Even the stores do not seem completely all-in on the fall beverages: At the Total Wine in Ballston, Virginia, six-packs of Shipyard Pumpkinhead and Weyerbacher Imperial Pumpkin Ale sit above signs nudging customers to "refresh with summer brews," and displays at Whole Foods juxtapose Schlafly Pumpkin and Smuttynose Summer IPA. You know, just in case you are not willing to give up the seasonal drinks quite yet.
"What you're seeing is very typical," says Lester Jones, the chief economist at the National Beer Wholesalers Association. "The beer business has a long supply cycle. Grocery stores have more wiggle room to play with inventory, to get things on the shelf. Bars and restaurants, not so much - they're more of an on-demand business."
Jeremy Danner, the ambassador brewer for Kansas City's Boulevard Brewing, recently went on a mini-tweetstorm after a customer asked why fall beers were out so early. Danner said that seasonal creep is "consumer, retailer, distributor and brewery driven," but his explanation seems to put most of the blame on breweries wanting to keep their products on shelves.

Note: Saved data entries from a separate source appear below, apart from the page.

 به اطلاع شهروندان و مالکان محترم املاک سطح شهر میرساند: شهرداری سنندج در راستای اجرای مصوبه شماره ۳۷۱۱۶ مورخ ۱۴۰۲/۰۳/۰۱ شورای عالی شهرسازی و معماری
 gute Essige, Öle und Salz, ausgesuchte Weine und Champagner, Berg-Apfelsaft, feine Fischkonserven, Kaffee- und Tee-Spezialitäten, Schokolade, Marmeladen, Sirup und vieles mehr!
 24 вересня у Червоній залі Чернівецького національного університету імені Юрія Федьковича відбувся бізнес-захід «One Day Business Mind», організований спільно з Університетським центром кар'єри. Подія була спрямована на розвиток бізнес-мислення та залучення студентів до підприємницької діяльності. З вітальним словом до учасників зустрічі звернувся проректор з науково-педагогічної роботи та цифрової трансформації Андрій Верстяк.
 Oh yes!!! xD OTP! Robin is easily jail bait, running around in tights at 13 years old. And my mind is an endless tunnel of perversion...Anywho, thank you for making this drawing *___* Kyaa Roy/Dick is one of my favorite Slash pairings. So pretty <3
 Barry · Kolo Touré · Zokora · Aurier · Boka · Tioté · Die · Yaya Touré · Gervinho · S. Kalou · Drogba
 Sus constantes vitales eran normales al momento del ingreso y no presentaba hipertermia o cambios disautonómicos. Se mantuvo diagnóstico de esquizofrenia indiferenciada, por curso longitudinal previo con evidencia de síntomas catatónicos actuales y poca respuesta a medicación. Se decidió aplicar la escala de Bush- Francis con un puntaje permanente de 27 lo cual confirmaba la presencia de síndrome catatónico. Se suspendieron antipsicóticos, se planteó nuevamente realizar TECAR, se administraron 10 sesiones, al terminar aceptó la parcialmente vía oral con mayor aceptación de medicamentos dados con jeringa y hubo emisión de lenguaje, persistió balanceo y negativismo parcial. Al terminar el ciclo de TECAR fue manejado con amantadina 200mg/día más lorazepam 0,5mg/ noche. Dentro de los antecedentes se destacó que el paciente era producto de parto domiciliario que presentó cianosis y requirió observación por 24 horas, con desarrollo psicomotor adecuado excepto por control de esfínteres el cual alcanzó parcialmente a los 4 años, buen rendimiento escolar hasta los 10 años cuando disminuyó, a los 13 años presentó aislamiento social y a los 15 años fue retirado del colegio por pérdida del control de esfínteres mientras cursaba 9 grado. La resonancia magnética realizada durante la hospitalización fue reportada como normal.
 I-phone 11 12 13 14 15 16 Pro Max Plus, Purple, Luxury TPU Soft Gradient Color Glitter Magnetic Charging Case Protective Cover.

"As summer beers sell out, breweries need to have fall beers ready to hold shelf/tap wall space to avoid losing placements. Here's the deal. If we waited too long after our summer beers sold out, someone else would just have a fall beer ready to take that spot."

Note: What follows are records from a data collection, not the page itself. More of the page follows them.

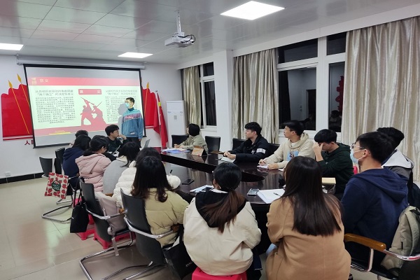 会议以重温入党誓词为开端。接着,党日活动负责人带领全体同志学习“两个确立”和“两个维护”的基本内容,从总结历史经验、新时代伟大实践、开创美好未来三个角度把握“两个确立”的决定性意义,并就当代青年应该如何践行“两个维护”表达了自己的想法。随后,以古田会议为例,讲述了古田会议的背景及其历史意义,论述确立党的领导核心和指导思想的必要性。最后,为帮助党员同志们更好地学习党史和党的重要理论,他向同志们分享了他所阅读的相关书籍和影视资源。
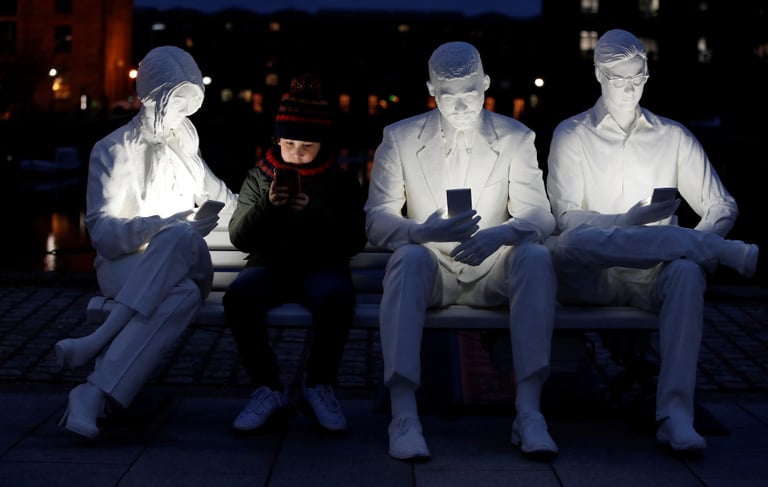在英國中部的利物浦市(Liverpool),小男孩在藝術家盧卡斯(Gali May Lucas)的雕像作品《被光吸收》(Absorbed By Light)中間找了個位置坐下,跟兩旁的雕像一起滑手機。
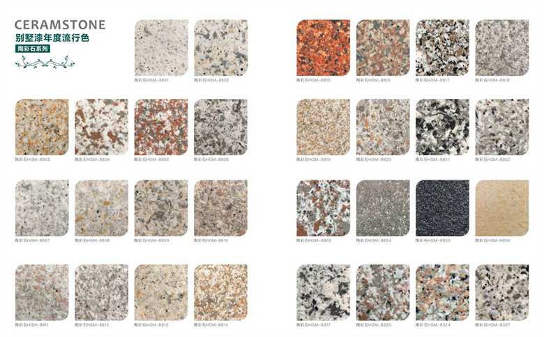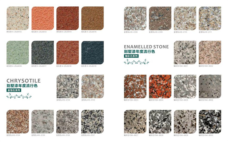 仿石漆可選的顏色有很多,建議在選擇顏色的時候,應(yīng)根據(jù)建筑物的自身特點、設(shè)計風格來選擇顏色效果。
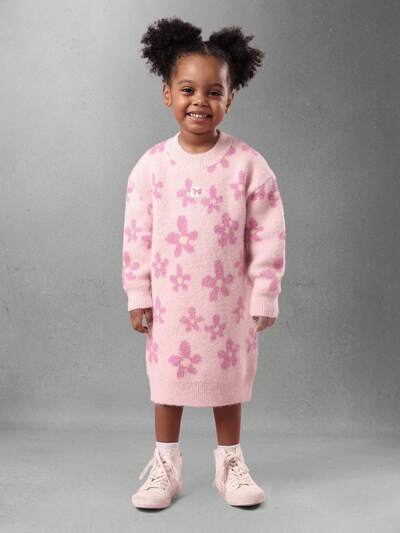Floral Print Knit Sweater Dress With Butterfly Patch-40%
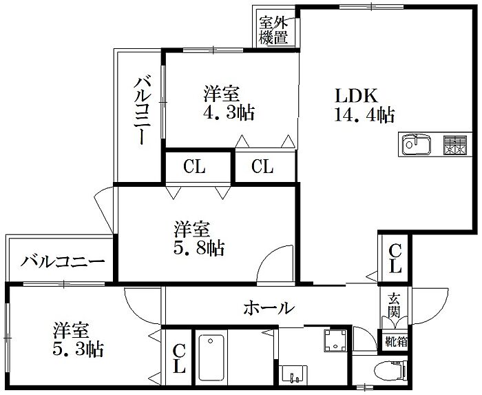 - コンロ三口

In a phone interview with The Post, Danner said that the ever-earlier sale of seasonal beers is often a product of the three-tier system of alcohol sales: Breweries sell their beer to distributors, who then sell to retailers and bars. Because of the logistics of shipping, warehouse space and storage, the schedule at larger breweries, such as Boulevard, is meticulously planned and not terribly nimble.

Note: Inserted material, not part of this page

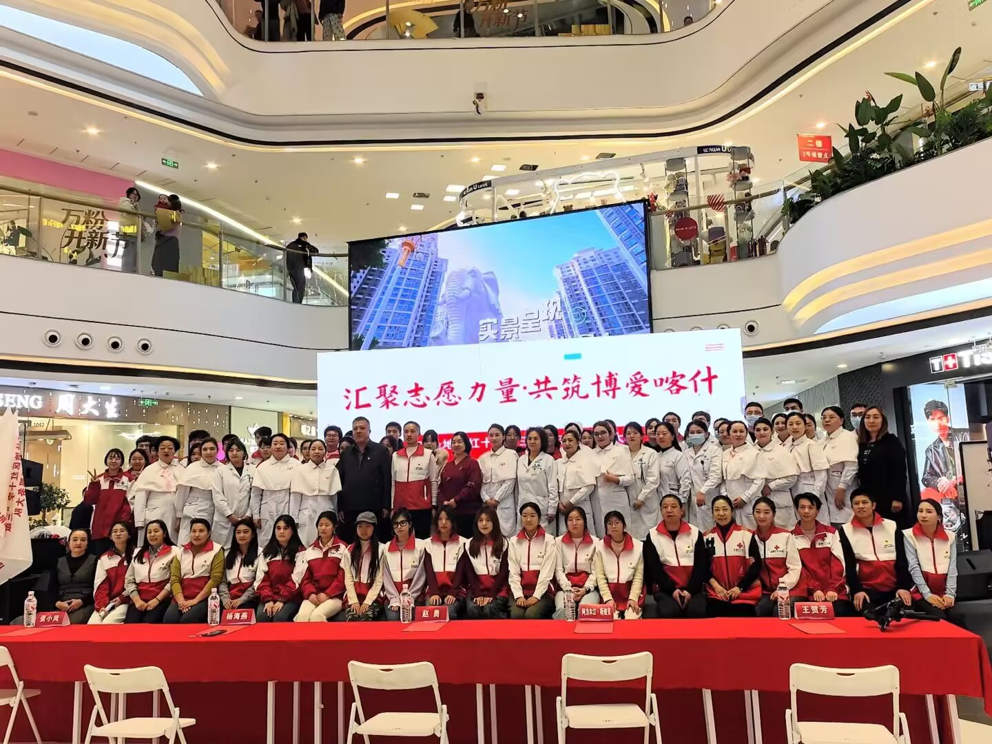 2025年12月13日,喀什地区“三献”(献血、献造血干细胞、献遗体器官)志愿服务大队授旗仪式在喀什东城万达隆重举办,此次授旗仪式由喀什地区红十字会主办,喀什地区第二人民医院、喀什地区中心血站、喀什地区红十字应急救援队、喀什大学、喀什职业技术学院协办,此次授旗仪式标志着喀什地区公益志愿事业迈入规范化、组织化新阶段?;疃山髦鞒秩丝。蚰?,现场气氛庄重而热烈。
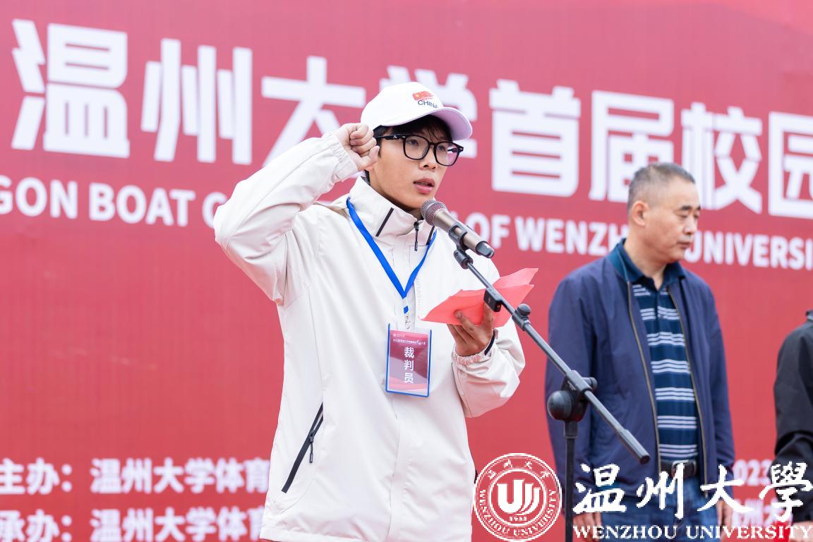 经过激烈的角逐,sunbet申愽官网首届校园龙舟大赛落下帷幕,总裁判长王勤硕宣布获奖队伍名单。

"Production is based on pre-sales," Danner says, and the number of beers going to retail (known as "shelf sets" or "cooler sets") is "at least six months out". Even if breweries wanted to release more summer beer at this time of year, Jones says, they could not get it to market fast enough. "They coordinate what they expect the market to demand," he says, and there is no upside to making extra beer just in case.
"You can store cabernet or Captain Morgan in a warehouse (if you produce too much.) But with beer, freshness is important." Of course, we might be seeing less pumpkin beer this fall anyway.
Last October, Bart Watson, the economist for the Brewers Association, a trade organisation for craft brewers, said: "It's pretty clear that the bloom is off the pumpkin," pointing out that seasonal craft sales in August and September 2016 were 8.5 per cent lower than in the previous year.
"A lot of weakness clearly stems from pumpkin beers, which weren't ordered by distributors at the same level as previous years and are clearly generating less interest than in recent years."
Jones, of the wholesalers association, is more bullish. "I think 2017 is a much different year," he said. "The beer market does follow the general economy, and I think we'll see a little more enthusiasm for pumpkin beer and seasonal beer."
Where the beers are sold can also make a difference: Between July 2016 and July 2017, sales of seasonal craft beers fell 5.1 per cent at grocery, convenience and other stores tracked by market research firm IRI. But sales of craft seasonals increased 4.9 per cent at on-premise locations, such as bars and restaurants, between March 2016 and March 2017, according to a report from Nielsen. IPAs, still the largest driver of craft sales, increased 1.6 per cent over the same period.
Boulevard's Danner thinks that people make too much about drinking a beer at the "wrong" time of year. "Refreshing beer doesn't have a seasonality," he says. "I'll drink a Pilsener in winter." But seasonal creep? "It's cyclical. I don't know if it's ever something that's going to go away."